In the instant case, common sense dictates that parenting agreement is not
commercial in nature; it is civil but is focused on family matters.

d) Will it be ad hoc or institutional?

The arbitration depends upon the arbitration to be administered by an


institution, whether it is permanent/regular arbitration in the Philippines, or not.

Under the Article 1.6 (D) of DOJ Circular No. 98, Ad Hoc Arbitration means
arbitration administered by an arbitrator and/or the parties themselves. An
arbitration administered by an institution shall be regarded as ad hoc arbitration
if such institution is not a permanent or regular arbitration institution registered
with the Securities and Exchange Commission in the Philippines.

In the instant case, if the appointed institution, appointed by the Dean of


Philippine Law School, is a regular or permanent arbitration institution, the case
shall be Ad Hoc Arbitration. Otherwise, it is institutional arbitration.
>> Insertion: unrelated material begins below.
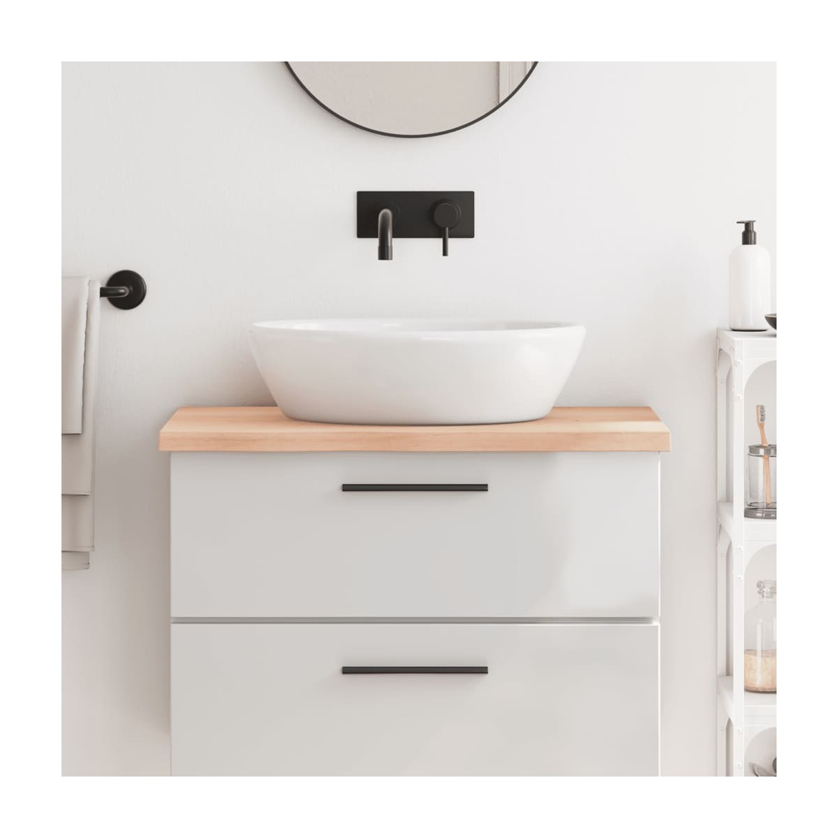 ¿Estás pensando en renovar las encimeras de la casa? ¡Esta encimera de baño de madera es una elección perfecta! Construcción duradera: Esta encimera de baño está hecha de madera maciza de roble, un bonito material natural. La madera de roble tiene un color marrón medio y unas vetas densas, que refuerzan su aspecto único.Aplicaciones versátiles: Además de una encimera de tocador de baño, esta encimera de madera se puede combinar con diferentes bases según tus necesidades. Puede utilizarse como estantería, encimera de armario, encimera de escritorio, tablero de mesa, etc.Superficie sin tratar: Como la encimera de baño está hecha de madera maciza de roble sin acabado, puedes mantener el color natural, pero también puedes pintarlo o lacarlo dependiendo de lo que prefieras.Hecho a mano con borde natural: Esta encimera de baño está hecha a mano con un borde natural. Debido a que los nudos, grietas, formas ligeramente curvadas y tonos de color son parte de la madera de roble, cada pieza de encimera de roble tiene su propio carácter único. La entrega es aleatoria. Información útil:Al ser un producto natural, la madera puede presentar nudos e imperfecciones que rellenamos con rellenos para garantizar un aspecto liso.

e) Who is the appointing authority in this case?

The appointing authority is the Dean of the Philippine Law School.

Under Article 4.11 (b) of DOJ Circular No. 98, the parties are free to agree on a
procedure of appointing the arbitrator or arbitrators, subject to the provision of
paragraphs (d) and (e) of this Article.

Thus, being stipulated in the subject Arbitration Clause on how the arbitrators be
appointed, the arbitrator so appointed by the Dean of Philippine Law School
shall be respected.
12. The parties included a clause in their contract, which provided that “[a]ny dispute,
controversy or claim arising out of or relating to this contract shall be settled by
arbitration.” Is this a valid arbitration clause? What stipulations might be added
thereto, and why?

The foregoing arbitration clause is valid as nothing in the said clause violates any law,
and it doesn’t, in any way, absolutely closes the doors of the court to hear and decide it.
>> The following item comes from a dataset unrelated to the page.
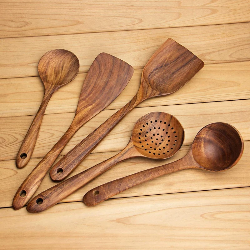 Деревянные ложки, деревянные ложки для приготовления пищи, 5 шт многоразовые деревянные кухонные принадлежности набор инструментов для приготовления антипригарной посуды

Under Section 2 of R.A. 876, two or more persons or parties may submit to the
arbitration of one or more arbitrators any controversy existing between them at the
time of the submission and which may be the subject of an action, or the parties to any
contract may in such contract agree to settle by arbitration a controversy thereafter
arising between them. Such submission or contract shall be valid, enforceable and
irrevocable, save upon such grounds as exist at law for the revocation of any contract.

Such submission or contract may include question arising out of valuations, appraisals or
other controversies which may be collateral, incidental, precedent or subsequent to any
issue between the parties.

Further, the following stipulations might be added thereto as these are provided by R.A.
9285 and R.A. 876:

a) Both parties may stipulate on the place of and the language to be used in
arbitration;
b) Both parties may stipulate the name or the method of appointing the arbitrator
or arbitrators; and
c) Both parties may stipulate the numbers of arbitrator.